* _Task statement_
From the data below, return the exact lines starting at the line containing "시련에서 사용하는 버프와 명예를 회복하기, 상점 이용 등을 사용할 수 있지만" and ending at the line containing "Perhaps the men", both included, and nothing else.

* _Material for the task_
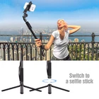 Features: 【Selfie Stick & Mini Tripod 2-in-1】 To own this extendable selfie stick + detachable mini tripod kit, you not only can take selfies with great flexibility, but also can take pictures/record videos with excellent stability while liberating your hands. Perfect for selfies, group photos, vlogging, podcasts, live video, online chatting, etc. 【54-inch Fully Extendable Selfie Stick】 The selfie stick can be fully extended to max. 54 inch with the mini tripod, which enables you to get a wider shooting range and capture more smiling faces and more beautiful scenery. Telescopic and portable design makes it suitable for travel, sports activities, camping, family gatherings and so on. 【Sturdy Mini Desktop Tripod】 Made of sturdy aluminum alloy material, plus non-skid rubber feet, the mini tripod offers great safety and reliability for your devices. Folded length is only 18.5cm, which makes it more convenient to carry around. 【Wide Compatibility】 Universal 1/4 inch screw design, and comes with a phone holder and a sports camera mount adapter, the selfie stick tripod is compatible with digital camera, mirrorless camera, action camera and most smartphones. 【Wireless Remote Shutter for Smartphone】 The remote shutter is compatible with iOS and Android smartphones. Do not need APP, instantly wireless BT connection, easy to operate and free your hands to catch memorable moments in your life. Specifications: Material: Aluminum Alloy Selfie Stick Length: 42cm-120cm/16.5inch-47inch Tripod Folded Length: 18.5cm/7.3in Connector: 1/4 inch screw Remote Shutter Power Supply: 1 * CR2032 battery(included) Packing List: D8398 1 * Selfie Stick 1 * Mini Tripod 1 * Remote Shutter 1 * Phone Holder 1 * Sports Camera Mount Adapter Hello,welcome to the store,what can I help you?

...

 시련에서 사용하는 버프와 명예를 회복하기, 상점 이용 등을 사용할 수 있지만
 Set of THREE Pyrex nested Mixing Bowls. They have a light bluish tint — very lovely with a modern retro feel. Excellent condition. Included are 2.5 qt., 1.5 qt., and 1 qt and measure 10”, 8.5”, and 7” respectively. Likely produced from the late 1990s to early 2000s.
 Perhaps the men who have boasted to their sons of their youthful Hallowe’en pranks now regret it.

* _Finished exercise_
 시련에서 사용하는 버프와 명예를 회복하기, 상점 이용 등을 사용할 수 있지만
 Set of THREE Pyrex nested Mixing Bowls. They have a light bluish tint — very lovely with a modern retro feel. Excellent condition. Included are 2.5 qt., 1.5 qt., and 1 qt and measure 10”, 8.5”, and 7” respectively. Likely produced from the late 1990s to early 2000s.
 Perhaps the men who have boasted to their sons of their youthful Hallowe’en pranks now regret it.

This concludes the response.